What is Tuneful Chatter?
Tuneful chatter is a creative approach to early years development that focuses on communication and language, personal, social and emotional development and gross motor movement. darts has developed the approach over 30+ years through a wide variety of projects across the Doncaster borough in nurseries, schools, community halls, libraries and at The Point in central Doncaster.

We kept in touch with early years practitioners throughout the Covid-19 pandemic and found that there was a significant impact both on families of 0-5 year olds, and on the children themselves.
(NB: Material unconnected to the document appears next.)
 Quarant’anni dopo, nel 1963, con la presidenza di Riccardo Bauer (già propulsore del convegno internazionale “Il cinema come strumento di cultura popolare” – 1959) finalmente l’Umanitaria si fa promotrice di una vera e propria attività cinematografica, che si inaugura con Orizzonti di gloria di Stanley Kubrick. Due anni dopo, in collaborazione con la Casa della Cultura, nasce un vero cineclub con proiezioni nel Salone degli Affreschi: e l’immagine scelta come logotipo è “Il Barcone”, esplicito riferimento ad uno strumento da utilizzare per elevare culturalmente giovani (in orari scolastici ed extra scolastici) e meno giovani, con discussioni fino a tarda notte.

Evidence from Ofsted research interviews with early years providers shows the pandemic has substantially delayed the learning of young children; particularly personal, social and emotional development. Doncaster Primary Schools have told us that pupils are struggling. They don’t know how to listen, sit and concentrate, focus, take turns or interact with adults. Many of those for whom English is an Additional Language haven’t spoken English at home during lockdowns and have fallen behind with language development.

darts secured funding through Doncaster Council and the Additional Restrictions Grant from South Yorkshire Mayoral Authority in 2022 to developed a music and movement approach in direct response to these challenges during an intense three-month period. This development time enabled darts artists and freelance artists to work collaboratively with each other, and with early years practitioners, to understand the issues and to test and refine their approach. Artists delivered 40 music and movement sessions with groups of 3-5 year old children at Grange Lane Infant Academy and Town Fields Primary School.

Case Study – Cindy
Cindy (not her real name) was in one of the regular music and movement groups at Townfield Primary School. She was supported by a Teaching Assistant and couldn’t stay for long at the beginning. She flitted in and out, to get a sense of what was going on.
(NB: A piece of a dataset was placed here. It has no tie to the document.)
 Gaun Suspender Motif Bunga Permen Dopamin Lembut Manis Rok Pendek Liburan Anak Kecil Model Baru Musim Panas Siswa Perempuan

The artists made sure that when Cindy was in the room, she could be included in creative activity as much as possible – showing her what the instruments sounded like and engaging her in in playing them herself.

As the project continued Cindy stayed longer and longer and became part of the group for periods of time. Her focus was magical to behold: real concentration aligned to the sounds that she was hearing. She would sit still and sometimes create a high pitched voice which was a sign of enjoyment.
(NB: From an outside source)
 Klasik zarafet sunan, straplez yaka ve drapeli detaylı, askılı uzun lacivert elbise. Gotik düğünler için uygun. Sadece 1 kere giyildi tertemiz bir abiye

The next step happened naturally, and Cindy’s interest moved from listening into playing. She took hold of the instruments and played them with her TA. At one point when we were doing an activity called ‘Elephant Steps’ she played the big drum along with the musician and showed real rhythmic quality. At other times the musician followed her briefly, her TA felt that the response was so valuable that she thinks a continuation with sound and rhythm will be really beneficial to her longer term.

Case Study – Mateu
Mateu (not his real name) was in one of the regular music and movement groups at Townfield school. He had one to one support, and at the beginning of the project was unsettled and anxious. He struggled to stay in session, but the artists agreed with the staff support that he should feel free to dip in and out as Mateu felt comfortable to.

For the first couple of weeks, there was more ‘dipping out’ than staying in, but that was ok. The artists could tell that certain elements of the workshop sparked Mateu’s curiosity – especially Gary’s range of percussion instruments. In the five weeks of the project, the artists saw him moving from a state of not wanting to be in, to having real moments of contentment.

During workshop four, one musician looked over during the final listening section and saw that Mateu was sitting on the floor with his Learning Support Assistant. He was listening to the music and just looked content, which felt like a huge step forward.

Although there wasn’t a stage where Mateu was actively engaging with whole sessions during the five weeks of our project, the artists saw more and more moments where he seemed happy to be in sessions and watch. He began to engage with more and more activities, and we are confident that with further opportunities and an extended block of work, this progress would continue.